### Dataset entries
::::
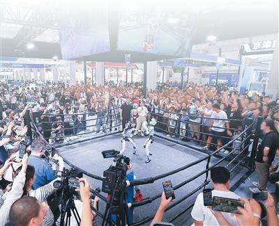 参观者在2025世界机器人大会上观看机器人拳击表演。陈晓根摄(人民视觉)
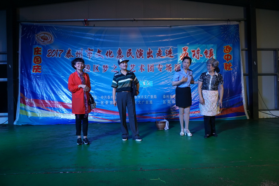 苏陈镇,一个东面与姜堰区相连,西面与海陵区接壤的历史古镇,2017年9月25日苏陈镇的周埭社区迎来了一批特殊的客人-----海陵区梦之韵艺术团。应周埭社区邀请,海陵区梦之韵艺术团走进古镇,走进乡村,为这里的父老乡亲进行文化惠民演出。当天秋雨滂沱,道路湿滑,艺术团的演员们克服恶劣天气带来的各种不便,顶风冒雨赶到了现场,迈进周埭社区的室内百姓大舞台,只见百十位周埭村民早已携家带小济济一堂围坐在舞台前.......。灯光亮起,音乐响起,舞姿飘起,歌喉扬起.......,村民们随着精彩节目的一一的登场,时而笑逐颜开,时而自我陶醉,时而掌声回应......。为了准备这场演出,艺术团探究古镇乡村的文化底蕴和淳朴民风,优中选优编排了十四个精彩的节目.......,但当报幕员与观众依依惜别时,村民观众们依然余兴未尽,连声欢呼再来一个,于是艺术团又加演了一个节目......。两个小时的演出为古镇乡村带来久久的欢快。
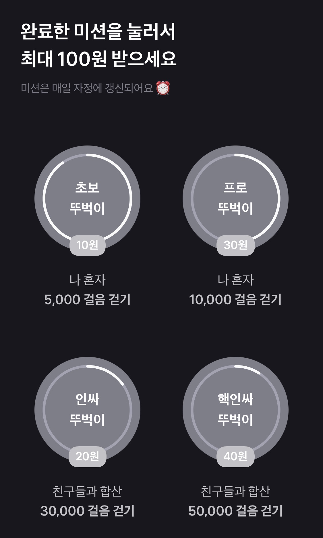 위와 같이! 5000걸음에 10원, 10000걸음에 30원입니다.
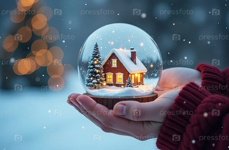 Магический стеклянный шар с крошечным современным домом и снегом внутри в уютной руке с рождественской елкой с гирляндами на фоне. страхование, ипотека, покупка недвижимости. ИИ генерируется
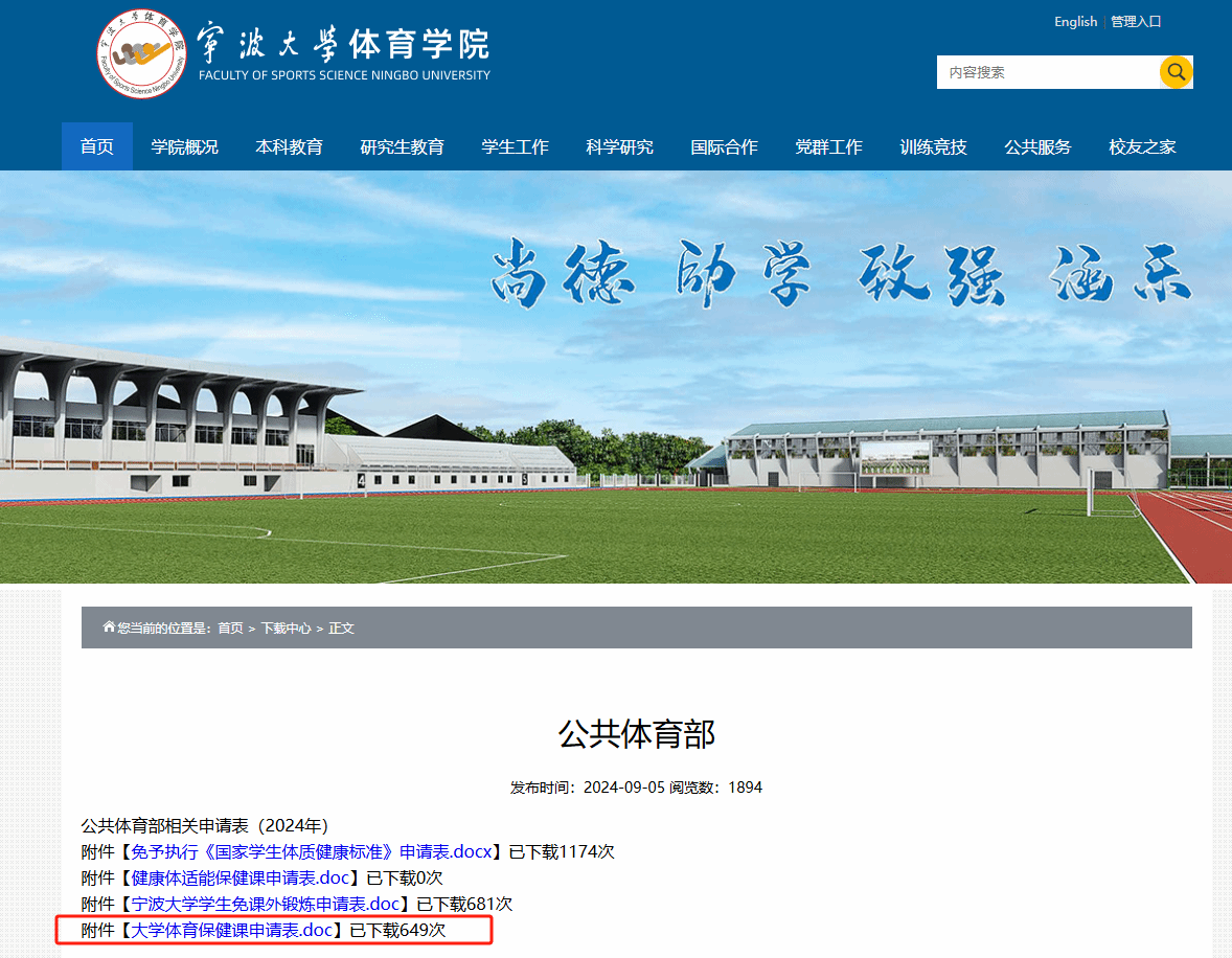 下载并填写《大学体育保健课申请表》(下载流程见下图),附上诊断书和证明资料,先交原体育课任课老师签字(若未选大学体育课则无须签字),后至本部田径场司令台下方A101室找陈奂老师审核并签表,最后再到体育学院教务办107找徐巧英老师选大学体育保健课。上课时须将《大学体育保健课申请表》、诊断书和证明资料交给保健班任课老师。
::::
### TASK OBJECTIVE
When you set down the records above, copy every line exactly and exclude the pictures.

### WRITTEN RESPONSE
 参观者在2025世界机器人大会上观看机器人拳击表演。陈晓根摄(人民视觉)
 苏陈镇,一个东面与姜堰区相连,西面与海陵区接壤的历史古镇,2017年9月25日苏陈镇的周埭社区迎来了一批特殊的客人-----海陵区梦之韵艺术团。应周埭社区邀请,海陵区梦之韵艺术团走进古镇,走进乡村,为这里的父老乡亲进行文化惠民演出。当天秋雨滂沱,道路湿滑,艺术团的演员们克服恶劣天气带来的各种不便,顶风冒雨赶到了现场,迈进周埭社区的室内百姓大舞台,只见百十位周埭村民早已携家带小济济一堂围坐在舞台前.......。灯光亮起,音乐响起,舞姿飘起,歌喉扬起.......,村民们随着精彩节目的一一的登场,时而笑逐颜开,时而自我陶醉,时而掌声回应......。为了准备这场演出,艺术团探究古镇乡村的文化底蕴和淳朴民风,优中选优编排了十四个精彩的节目.......,但当报幕员与观众依依惜别时,村民观众们依然余兴未尽,连声欢呼再来一个,于是艺术团又加演了一个节目......。两个小时的演出为古镇乡村带来久久的欢快。
 위와 같이! 5000걸음에 10원, 10000걸음에 30원입니다.
 Магический стеклянный шар с крошечным современным домом и снегом внутри в уютной руке с рождественской елкой с гирляндами на фоне. страхование, ипотека, покупка недвижимости. ИИ генерируется
 下载并填写《大学体育保健课申请表》(下载流程见下图),附上诊断书和证明资料,先交原体育课任课老师签字(若未选大学体育课则无须签字),后至本部田径场司令台下方A101室找陈奂老师审核并签表,最后再到体育学院教务办107找徐巧英老师选大学体育保健课。上课时须将《大学体育保健课申请表》、诊断书和证明资料交给保健班任课老师。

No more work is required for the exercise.